You know, all of Sarah Palin’s actions make perfect sense if she’s a vampire/werewolf hybrid.

I haven’t been able to watch the memorial. What does the casket look like? Is everyone sad? Tell me! Tell me! I need to know!

I was afraid the Michael Jackson memorial would suddenly bursts into flame and we’d quickly have to turn off our TVs to avoid being turned into pillars of salt.

I hope they are able to resurrect dinosaurs by the time I die because I don’t think I’ll be properly honored unless T-Rexes are in the procession. Also, I don’t want to be told to “Rest in Peace.” I want to be told to “Rest in War.” I’m going to Valhalla.

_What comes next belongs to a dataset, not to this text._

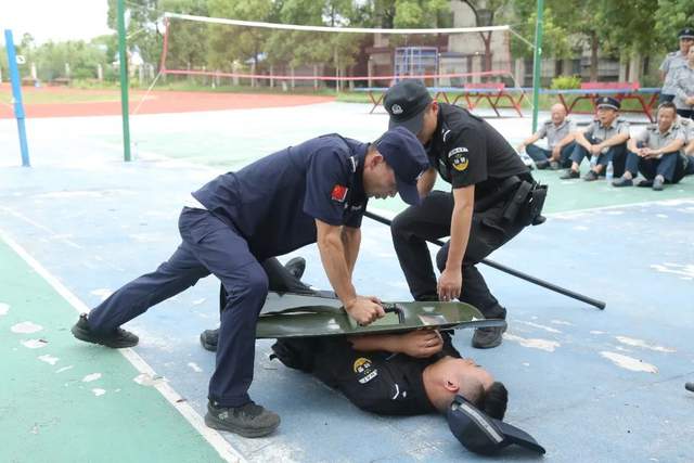 随后,特巡警大队副大队长胡长城还结合安防器材使用、突发事件处置等知识进行授课。重点对器械攻防技能,特别是盾牌、腰叉、长棍、钢叉等常规安保器械的性能及使用方法进行集中讲解和示范。

If we spent the money from the Michael Jackson memorial on the poor, they’d still be poor the next day but at least we wouldn’t be at a cultural nadir.

With all the attention Michael Jackson is getting, I wonder if Obama will be tempted to bleach his skin?

When Weird Al dies, we should totally do a parody of the Michael Jackson memorial.

Aren’t you supposed to end the memorial by poking him with a stick to make sure he’s dead?

The best ending would have been Andy Kaufman emerging alive from the coffin. He got us good!

Well, that’s the last of Michael Jackson we’ll see until the zombie apocalypse.